[[ Data extract, beginning ]]

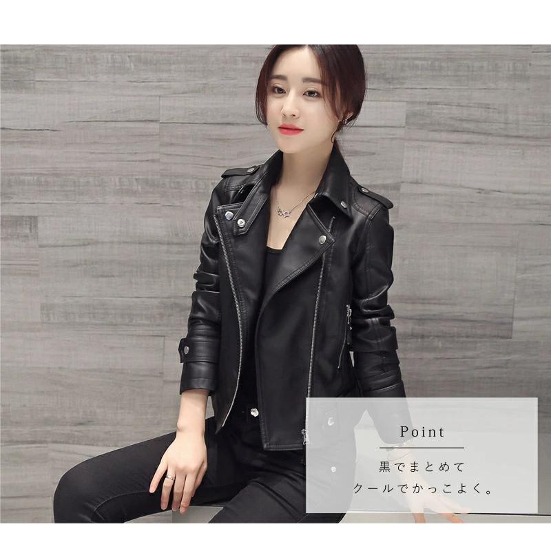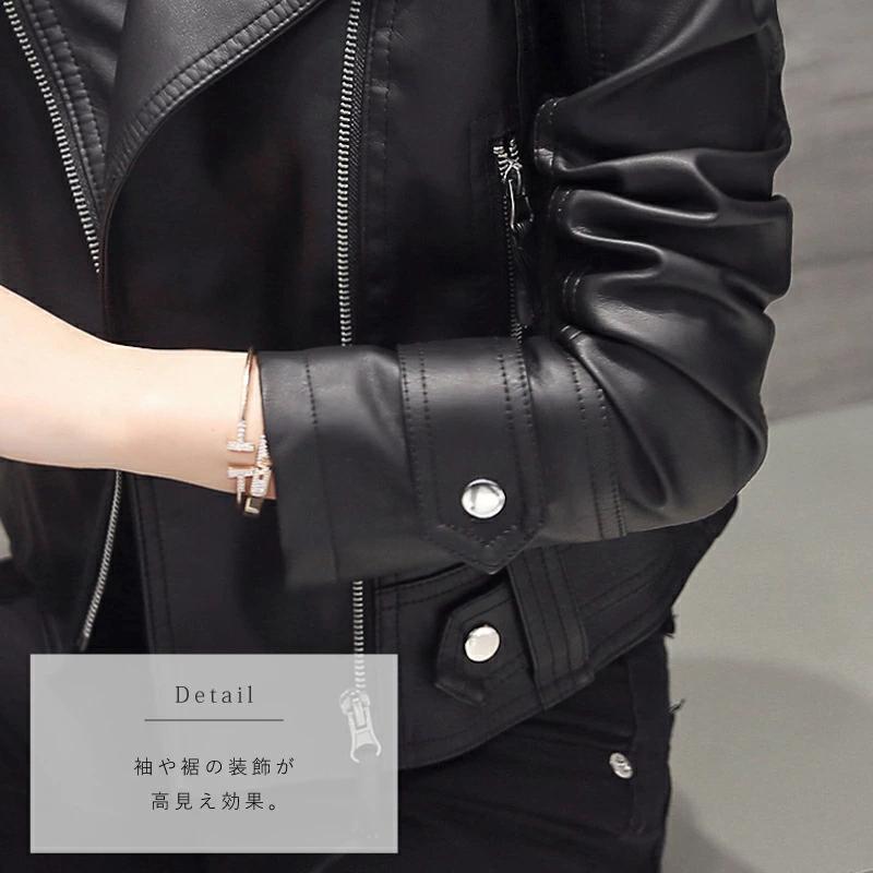 アウター ジャケット ジャンパー PUレザー ライダースジャケット レザージャケット ブルゾン バイク バイカー 大人女子 甘辛コーデ
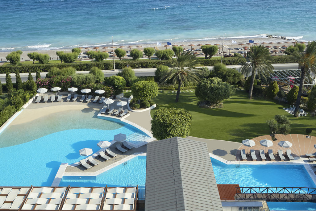 50 meter van het privéstrand, te bereiken via een tunnel * Op ca. 200 meter van het centrum van Ixia * Rhodos-Stad op ca. 4 kilometer * Bushalte voor het hotel * Winkels, restaurants en bars op ca. 200 meter Faciliteiten * 2 gebouwen met maximaal 11 verdiepingen * In 1 gebouw zijn liften aanwezig * 320 kamers * 24-uursreceptie * Bagageruimte * Lobby * Tuin * Wifi in de openbare ruimtes * Kapsalon* * Winkeltjes en minimarkt* * Wasservice* * Doktersservice* op aanvraag *Tegen betaling Restaurants & bars * 1 buffetrestaurant * 3 à-la-carterestaurants voor diner of lunch (vooraf reserveren) * 3 bars Hotelkamers * Deluxe kamer boszicht (1-3 personen) * Ca.
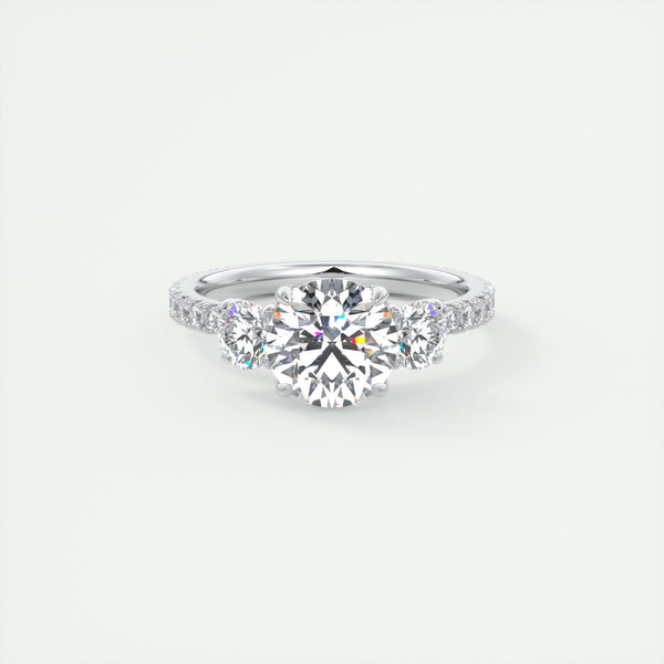 2.0CT Round Moissanite 3 Stones Pave Setting Engagement Ring

[[ Data extract, end ]]

Before you return the listing exactly, strip out its pictures.

## Expected answer
 アウター ジャケット ジャンパー PUレザー ライダースジャケット レザージャケット ブルゾン バイク バイカー 大人女子 甘辛コーデ
 50 meter van het privéstrand, te bereiken via een tunnel * Op ca. 200 meter van het centrum van Ixia * Rhodos-Stad op ca. 4 kilometer * Bushalte voor het hotel * Winkels, restaurants en bars op ca. 200 meter Faciliteiten * 2 gebouwen met maximaal 11 verdiepingen * In 1 gebouw zijn liften aanwezig * 320 kamers * 24-uursreceptie * Bagageruimte * Lobby * Tuin * Wifi in de openbare ruimtes * Kapsalon* * Winkeltjes en minimarkt* * Wasservice* * Doktersservice* op aanvraag *Tegen betaling Restaurants & bars * 1 buffetrestaurant * 3 à-la-carterestaurants voor diner of lunch (vooraf reserveren) * 3 bars Hotelkamers * Deluxe kamer boszicht (1-3 personen) * Ca.
 2.0CT Round Moissanite 3 Stones Pave Setting Engagement Ring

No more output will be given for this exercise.